Kimla C. Johnson, of Clinton, Maryland, pro se.
PER CURIAM: This is an attorney discipline case involving misconduct in three matters. The Commission on Lawyer Conduct Panel (Panel) unanimously recommended the following sanctions: (1) indefinite suspension; (2) respondent be required to pay the costs of the disciplinary proceedings; and (3) respondent make restitution to the Lawyers’ Fund for Client Protection (Fund) and to victims in the amounts set forth herein.
The Office of Disciplinary Counsel (ODC) appeals and argues that the facts and similar case law call for a harsher sanction. For the reasons stated below, we are not persuaded that we should deviate from the Panel’s recommendation. Therefore, we impose the recommended sanctions.
This proceeding involves three separate matters. An investigative panel authorized formal charges, which were then filed in April 2007. A hearing was held before the Panel in October 2007 and the report of the Panel was published in April 2008.
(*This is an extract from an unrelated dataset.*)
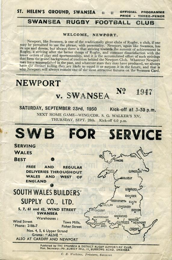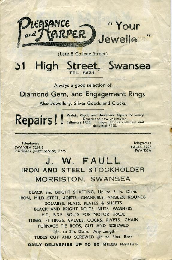 "Full membership of the Swansea Rugby and Cricket Club costs £2-2-0. Why not change from the 30/- to the 42/- membership this season? I know the cricket is over and you have lost half the value already, but the idea has its points, besides being a substantial gesture of goodwill to the Club. You would be entitled to partake in any or all of the Club's activities, Football, Cricket, Hockey and Athletics, with full voting powers at the Club Annual Meeting and all the Sectional Annual Meetings. It entitles you to apply for membership of the Swansea Sports Club. If you are of the kind that relishes the rectitude of the committee-room where the gentle zephyrs of controversy blow, remember that full membership is the constitutional pathway to managerial hierachy. For certain committees the Club rule book demands two years full membership of applicants. Both Mr. Prosser and Mr. Grimshaw assure me that if any 30/- member desires to transfer the resultant clerical labour will be joyfully undertaken. Although the spirit behind this Club is as solid and as purposeful as it has ever been, and although you may cheerfully discount the despondent headlines, always remember that financial difficulties could leave us high and dry if ever things became difficult. No financial gesture to the Club is wasted, from your three pennies for a programme to your 42/- for full membership, and never forget that."

Respondent moved to South Carolina in 1990 and began practicing law in this state. Following the birth of her second child, respondent began practicing law with her husband. Her husband (Husband) was placed on interim suspension in August 1999 and a number of Husband’s clients elected for respondent to take over their cases.
Client A hired Husband to represent him in connection with an automobile collision that occurred in March 1999. Respondent took over representation of Client A when Husband was placed on interim suspension. In January 2000, respondent accepted a settlement offer on behalf of Client A in the amount of $40,000.00. Respondent did not disburse the proceeds of $26,667.67 to or on behalf of Client A, but instead used the funds for her own benefit and for the benefit of her law firm.
Respondent claimed that Client A agreed to loan the funds to her and Husband. However, respondent failed to produce any documentation proving the existence of the loan and the Panel found respondent’s testimony in this regard lacking in credibility. The findings of the Panel are entitled to great weight, particularly when the inferences drawn from the testimony in the record depend largely on the credibility of witnesses. In re Yarborough, 327 S.C. 161, 165, 488 S.E.2d 871, 873 (1997). Respondent stated to ODC that her financial records were destroyed, but testified at the hearing that this was not true.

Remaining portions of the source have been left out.